How does such bad design and missing constraint get into Dbs that allow duplicates to get into databases in the first place? Heard of Primary Keys (oh, some people make IDs as PKs for all tables where naturalkeys make sense, tsk tsk), heard of constraints and triggers (in SQL at least). There is no reason to have to use these duplicate deletion scripts. Design tables with proper PKs and constraints and use triggers.

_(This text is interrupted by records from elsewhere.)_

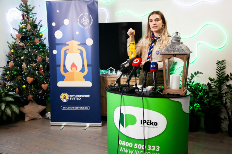 Vianočný plán pomoci IPčko 2024 počas tlačovej konferencie v priestoroch centrály IPčka v Bratislave pri príležitosti predstavenia Vianočného plánu pomoci a ohlásenia špeciálnej spolupráce so Slovenským skautingom a s Betlehemským svetlom. Bratislava, 19. december 2024. Foto: SITA/Tomáš Bokor
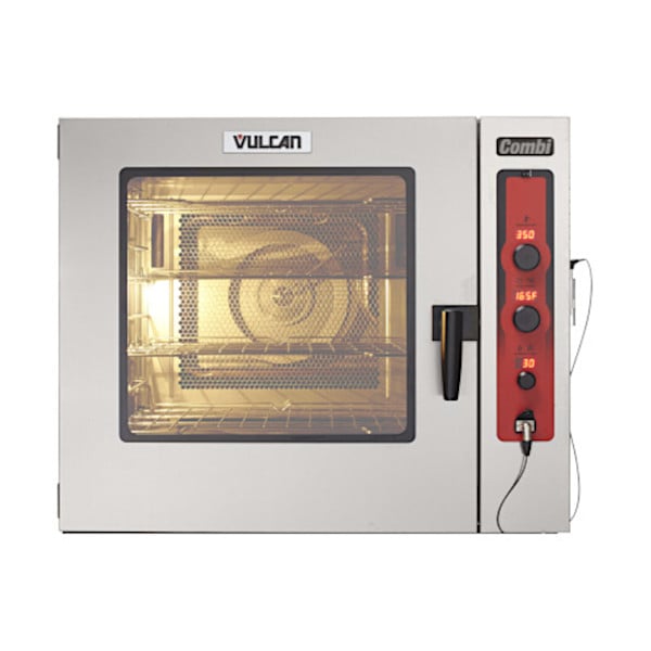 Vulcan ABC7G-PROP combination oven has a capacity of (7) racks for a total of (7) 18" x 26" full size sheet or (14) 12" x 20" full size hotel pans. There is a temperature range of 80 - 450 degrees F on this combination oven steamer.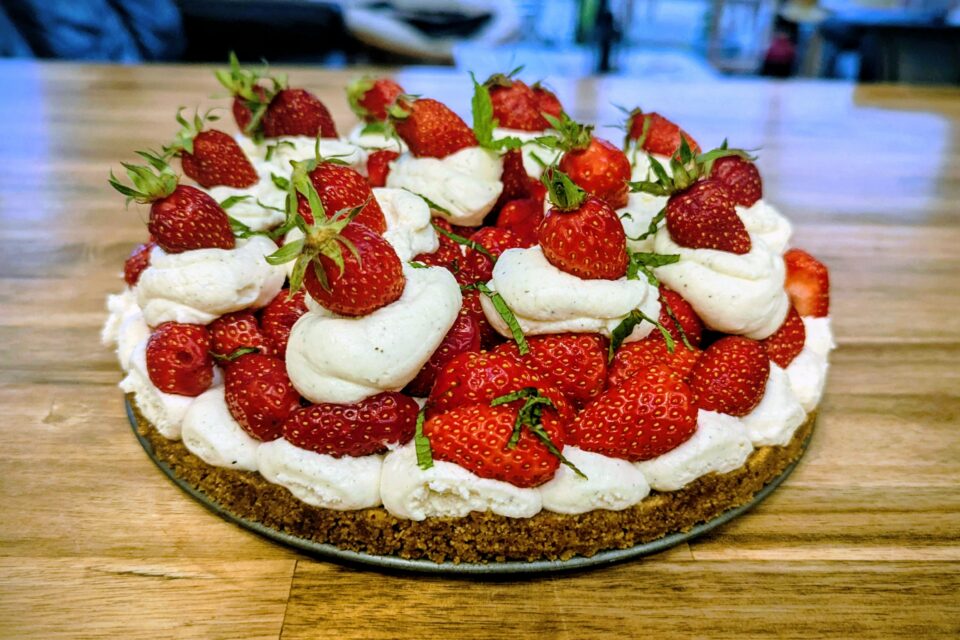 - Couper les fraises et les disposer dessus.Parsemer de menthe ciselée.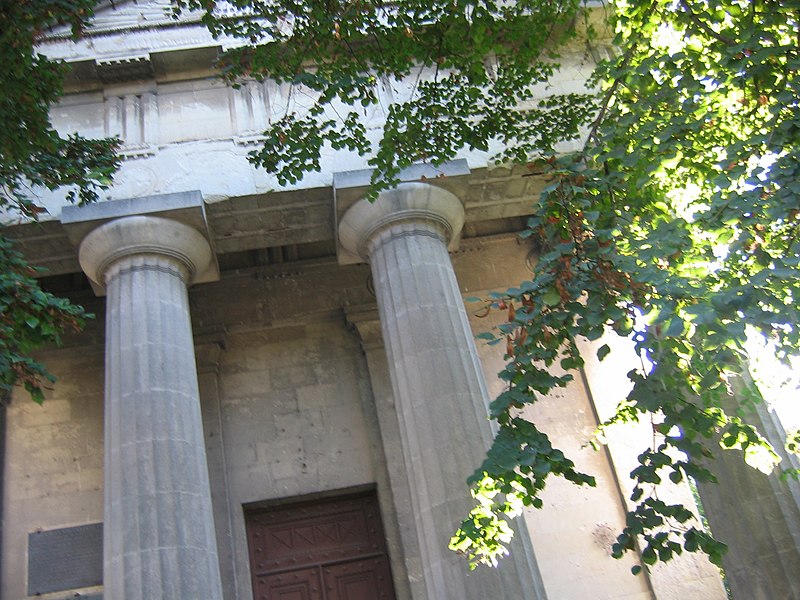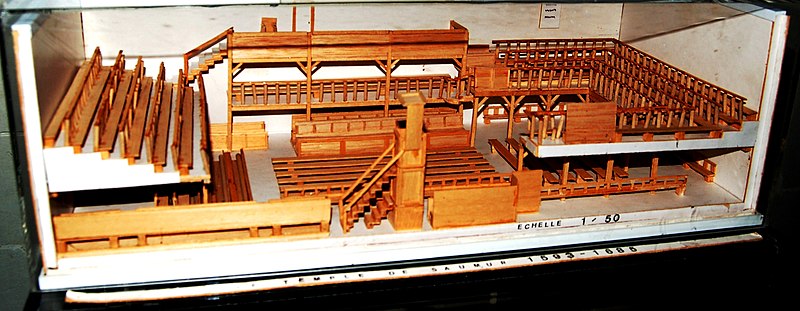 Le temple protestant de Saumur, situé rue des Païens dans le département de Maine-et-Loire, abrite une paroisse membre de l'Église protestante unie de France. Le premier édifice a été construit en 1590 grâce aux fonds du théologien Philippe Duplessis-Mornay et de son épouse Charlotte d'Arbeleste, puis inauguré en mars 1593 par le roi Henri IV, né protestant. L'établissement de la cité comme place de sûreté protestante en 1589 et la fondation de l'Académie de Saumur en 1599 ont attiré de nombreux huguenots. À la révocation de l'édit de Nantes en 1685, le temple fut détruit "jusques aux fondations". Il a été reconstruit en 1843 d'après les plans de l'architecte Charles Joly-Leterme. L'édifice a été endommagé lors des combats de Saumur pendant la Seconde Guerre mondiale et inscrit au titre des monuments historiques par arrêté du 18 avril 1991. La façade, inspirée des temples antiques de Paestum, présente quatre colonnes d'ordre dorique soutenant un fronton triangulaire surmonté d'une croix. Sur ce fronton apparaît un triangle symbolisant le Dieu trinitaire, dans lequel est gravée en lettres capitales l'inscription « A la gloire de Dieu, Père, Fils et St Esprit ». Parmi les ressources et liens associés figurent le site officiel, les bases Mérimée et Structurae, Clochers de France et divers portails consacrés au protestantisme, à l'Anjou et aux monuments historiques ainsi qu'à l'architecture chrétienne.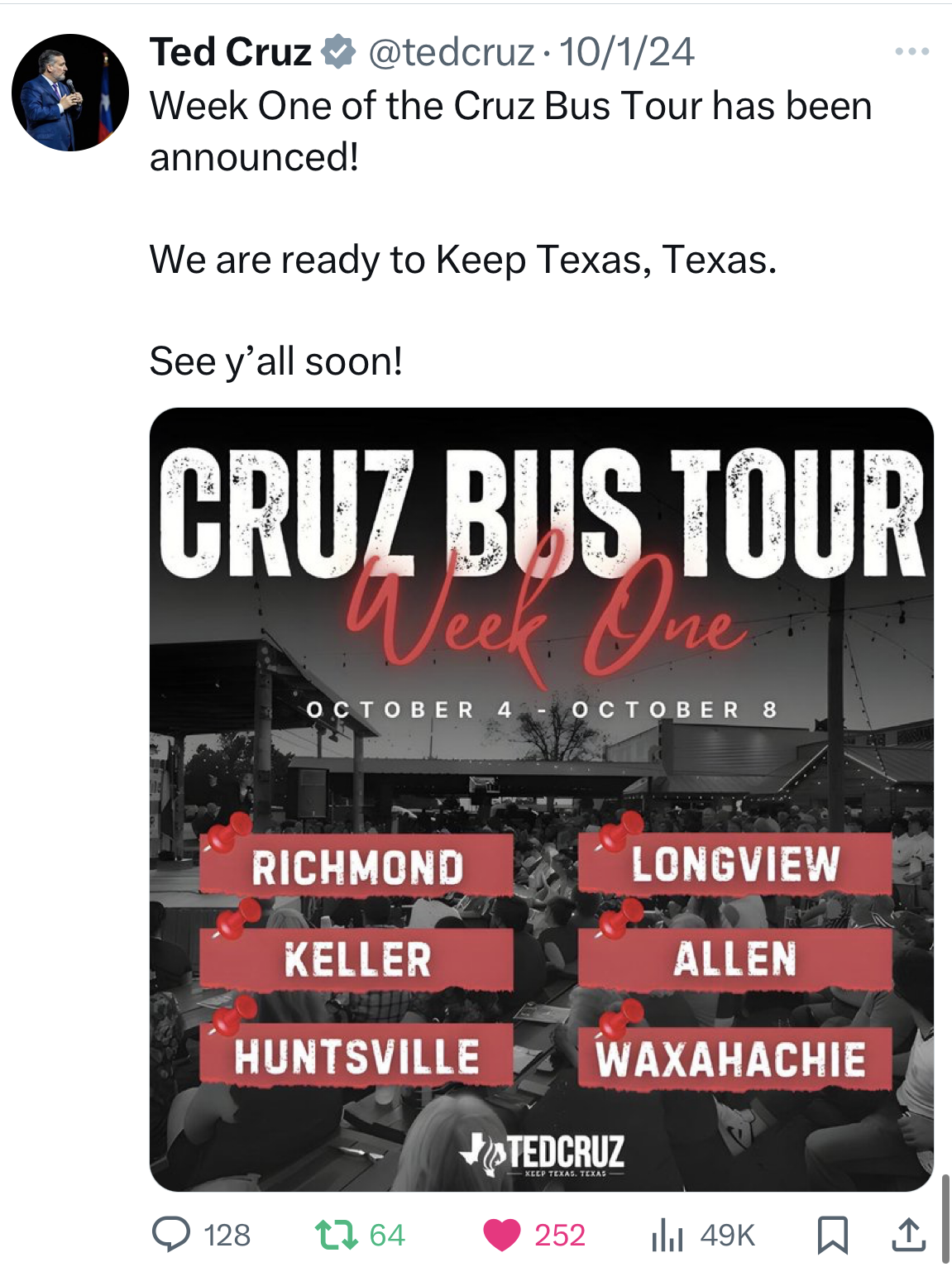 This section showcases the dynamic visuals I created to engage voters and unify our campaign messaging. From designing the campaign bus wrap to crafting rally signs and event materials, I worked to create a cohesive and impactful visual identity for Senator Ted Cruz’s campaign across Texas.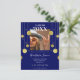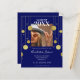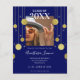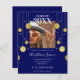 Obtenha qualidade e acessibilidade com este convite de formatura moderno. O design apresenta uma borda parcial de embelezamentos de ouro retrorados contra um fundo azul marinho. Todos os detalhes podem ser personalizados, assim como adicionar em sua própria foto do formando especial em sua vida.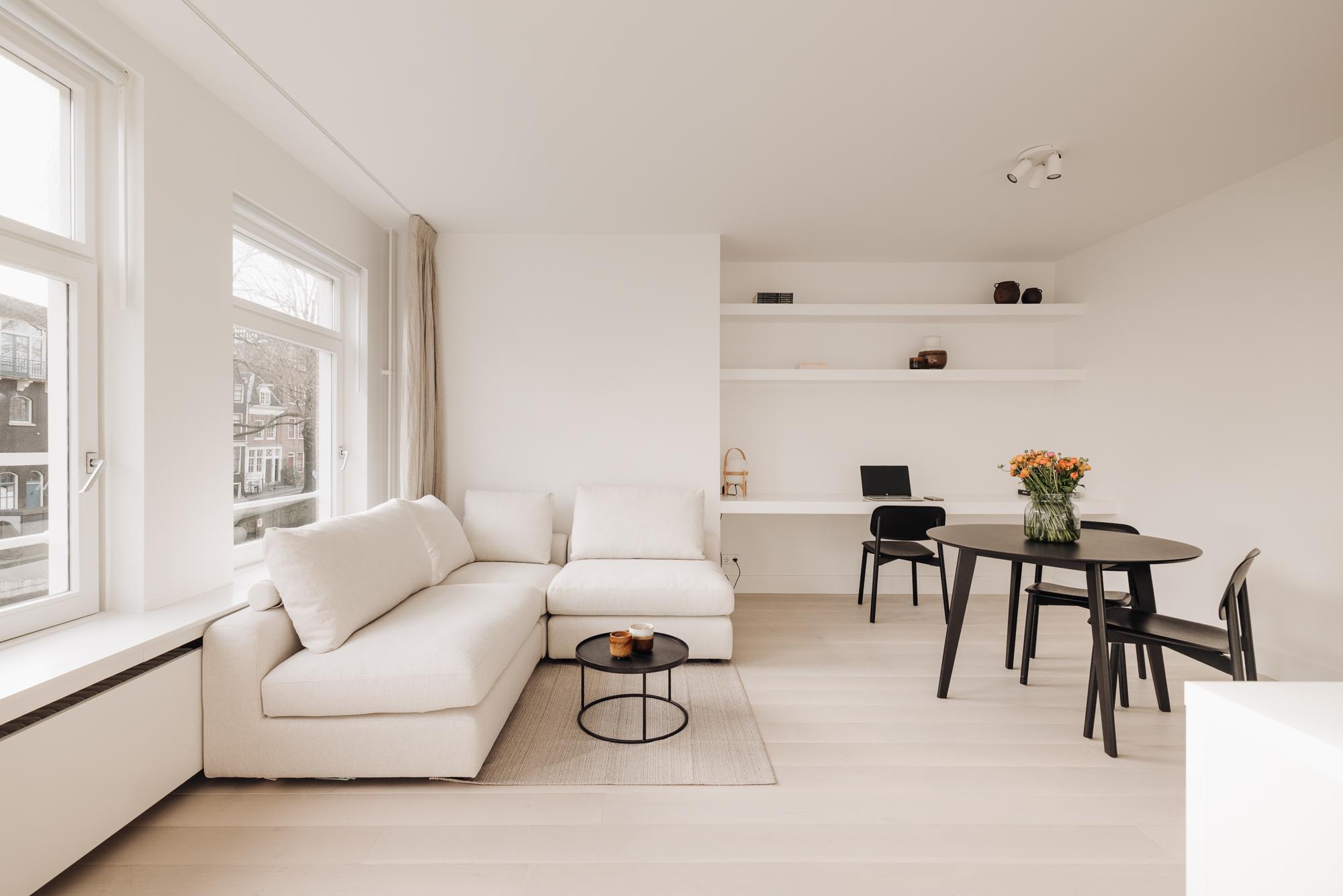 Bij binnenkomst heeft u aan uw rechterhand veel kastruimte om te gebruiken als garderobe. Vervolgens komt u in de ruime woonkamer met open keuken die beschikt over veel natuurlijk daglicht. Vanuit een van de drie grote ramen kunt u uitkijken op de gracht. De fijne hoekbank en flat-screen TV geven u de gelegenheid om heerlijk thuis te komen na een lange dag. Ook heeft de woonkamer aan de zijkant een werkplek waar uw rustig thuis zou kunnen werken. De nieuwe keuken is stijlvol ontworpen en is van alle gemakken voorzien, zoals een elektrische inductiekookplaat, oven, koelkast en vriezer. Ook dient het kookeiland als bartafel waar aan gegeten kan worden. De ruime slaapkamer heeft een tweepersoonsbed. Daarnaast is er ingebouwde kastruimte waar u al uw kleding in kwijt kan. De badkamer beschikt over een wastafel met opbergruimte, een regendouche en een toilet. De houten wand naast het toilet is een schuifdeur waar een wasmachine en droger achter staan. De woning is ook gekenmerkt door de zwarte details die overal in de woning terug te vinden zijn, zoals de mooie zwarte woonaccessoires in de woonkamer, de zwarte stalen deuren en de zwarte details in de badkamer. Indien gewenst wordt het appartement turn-key opgeleverd.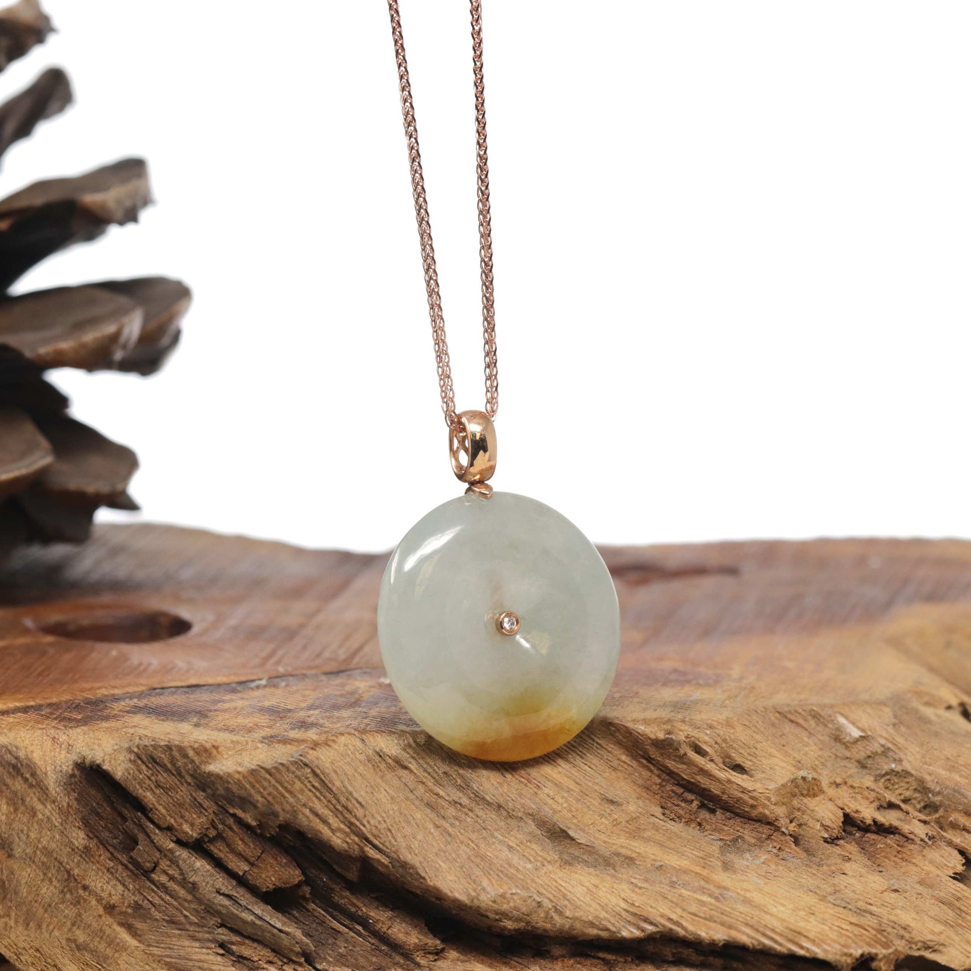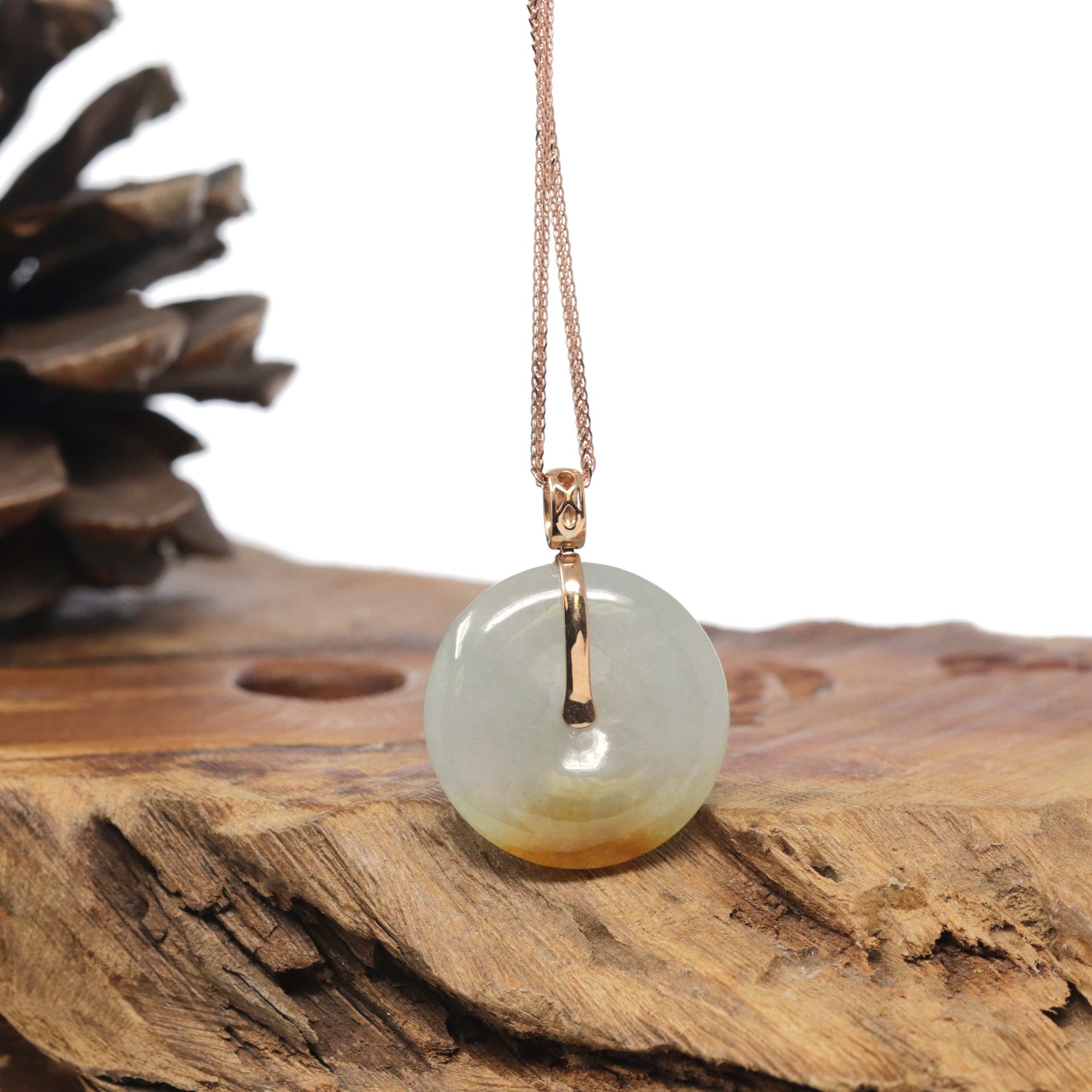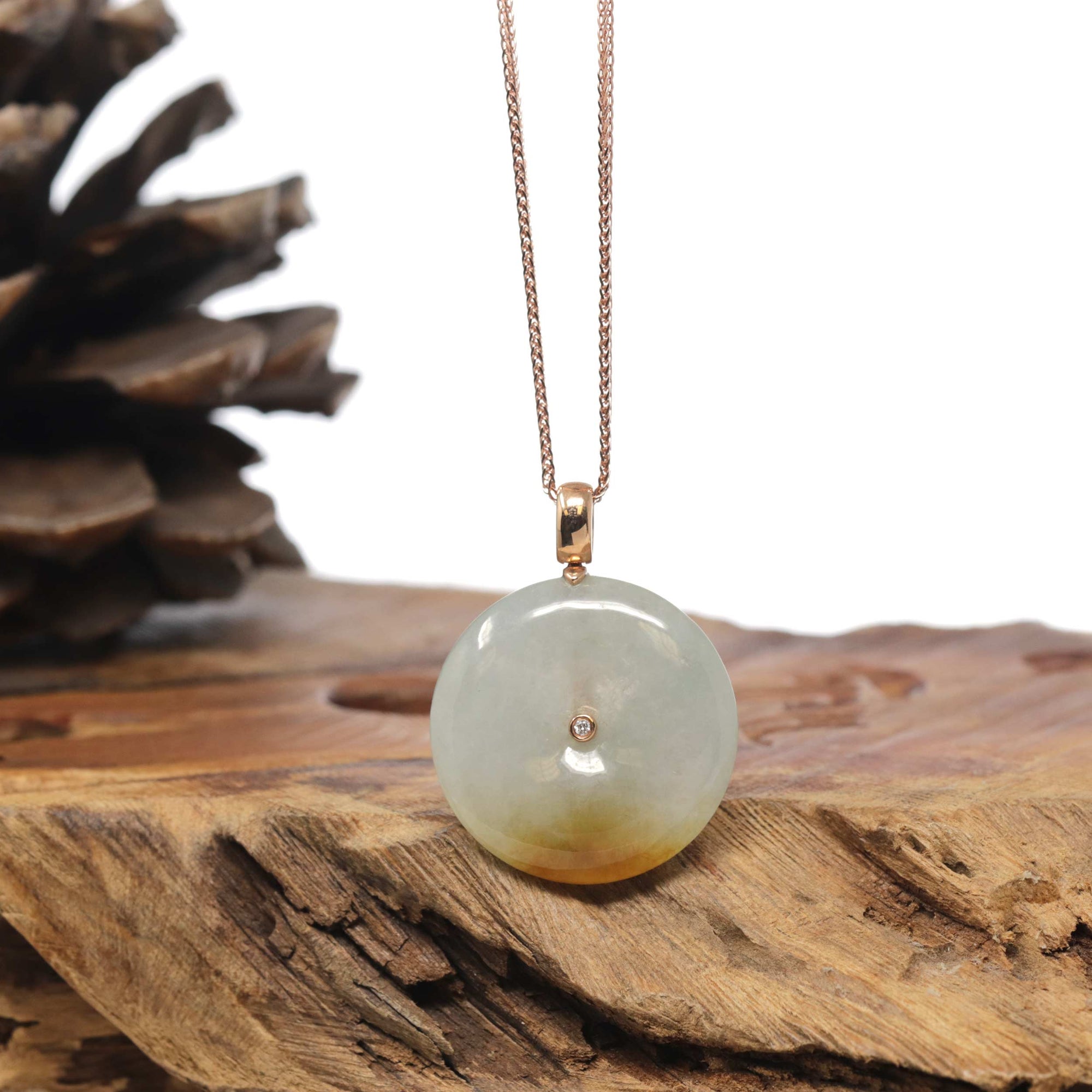 Baikalla 18K Rose Gold "Ping An Kou" (Good Luck Button) Natural Icy Light Green W/ Deep Yellow Patch Jadeite Jade Pendant

http://www.DynamicWebTX.Com

katesl SSCommitted Points: 1743 More actions · Answer 11

Lots of data exists in the world outside real (that is, normalized and managed by a DBMS) databases. The big ETL (extract, transform, load) task is to load this messy data into your database. I love this work and never have to write a program or a cursor thanks to DTS and to my progammer's editor Epsilon, which can load and edit huge files.

_________________
"Look, those sheep have been shorn."
data analyst replies, "On the sides that we can see.."

Ashish Bajpai Grasshopper Points: 11 More actions · Answer 12

SQL was good but too long

Do One thing

Select ID, NAME, SALARY into #TableName from TableName Group by ID, NAME, SALARY
Delete From TABLENAME
INSERT INTO TABLENAME SELECT * FROM #TABLENAME

This is 3 Line SQL Make a Program & EXECUTE it.

Ashish Bajpai

Programer

NCR Corpration, Mumbai

[91] - 9324 959982

Dan Collier SSC-Addicted Points: 473 More actions · Answer 13

This does the same thing, simplier and NO CURSORS. If it can be done without a cursor, than much better.

CREATE TABLE [dbo].[Employee] (

[id] [int] NULL ,

[name] [Varchar] (50) COLLATE Latin1_General_CI_AS NULL ,

[salary] [Numeric](18, 2) NULL

&nbsp ON [PRIMARY]

GO

/*********************************************************/

/**********************************************************/

/* Script for Insertion of duplicate records to the Table */

Insert into employee values (1,'Ram', 1000.00)

Insert into employee values (2,'Joe', 2000.00)

Insert into employee values (2,'Joe', 1000.00)

Insert into employee values (3,'Mary', 1000.00)

Insert into employee values (4,'Julie', 5000.00)

Insert into employee values (2,'Joe', 1000.00)

Insert into employee values (1,'Ram', 1000.00)

/**********************************************************/

BEGIN TRANSACTION

Select [id], [name], [salary]

INTO #MakeUnique

FROM employee

GROUP BY [id], [name], [salary]

DELETE FROM employee

INSERT INTO employee( [id], [name], [salary] )

SELECT [id], [name], [salary] FROM #MakeUnique

COMMIT TRANSACTION

SELECT * FROM employee

DROP TABLE #MakeUnique

DROP TABLE employee

Dan Collier SSC-Addicted Points: 473 More actions · Answer 14

Yes very very bad, really a NO DESIGN table. Believe or not, I had to deal with NO UNIQUE CONSTRAINT Tables, these BAD Designs with Commercial Enterprise systems.